A second main philosophical movement of renewed interest in Kant’s ethics and corresponding attempts to improve his ethics occurred in the 1970s and 1980s. The American philosopher John Rawls and the German philosopher Jürgen Habermas are the two major figures of this movement. Rawls’s primary concern is to argue for principles of justice that create a political society in accord with the realm of ends. More specifically, he argues for an extensive liberal welfare state based on the principles of justice that all persons must have equal political and civil liberties and that social and economic inequalities must be corrected to the greatest benefit of the least advantaged. Rawls holds that rational agents will opt for these principles of justice once their situation of choice, the “original position,” is made impartial by a “veil of ignorance” that makes them temporarily forget about all the specific facts concerning themselves and their society. Whether this innovative transformation of the categorical imperative—the veil forces one to opt for principles that are acceptable to all—justifies Rawls’s two principles of justice, and whether it can more generally be used to justify and explicate Kantian moral rules, are questions that have generated much debate.

Jürgen Habermas

The basic principle of the “discourse ethics” of Jürgen Habermasis a clear modification of the categorical imperative. The principle is that for a norm to be valid it must be accepted in a practical discussion by all those who are affected by the norm. The participants in the practical discourse must then also foresee the consequences of the general observance of the norm for the realization of the particular interests of each of them. This view that moral norms must be constructed by communities engaged in free practical discourse implies that the good society must be fundamentally democratic; unlike Cohen and Rawls, however, Habermas has been somewhat vague and hesitant about the specific institutional ramifications of his Kantian ethics.

Bibliography

Habermas, Jürgen. Moral Consciousness and Communicative Action. Translated by Christian Lenhardt and Shierry Weber Nicholsen, MIT Press, 1990.

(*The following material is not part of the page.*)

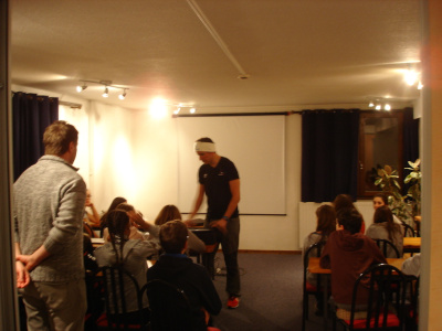 20h30 : activités du soir. Jeux de société, film et aussi parcours de vie : Samir participe bientôt au J.O d’hiver en février et présente son parcours atypique aux élèves. Ce soir TLS (Tout le Sport de France2) vient suivre son intervention et interviewer Samir mais aussi les élèves du Bocage !

Kant, Immanuel. Foundations of the Metaphysics of Morals. Translated by Lewis White Beck, Liberal Arts Press, 1959.

Fisher, Andrew, and Mark Dimmock. "Kantian Ethics." Open OK State UP, 2020, open.library.okstate.edu/introphilosophy/chapter/kantian-ethics/. Accessed 3 Dec. 2024.

Rawls, John. A Theory of Justice. Harvard University Press, 1971.

Rawls, John. Political Liberalism. Columbia University Press, 1993.

Schmidt, Jeff. "Kantian Ethics." Corporate Finance Institute, 2024, corporatefinanceinstitute.com/resources/esg/kantian-ethics/. Accessed 3 Dec. 2024.

Van der Linden, Harry. Kantian Ethics and Socialism. Hackett, 1988.

Willey, Thomas E. Back to Kant: The Revival of Kantianism in German Social and Historical Thought, 1860–1914. Wayne State University Press, 1978.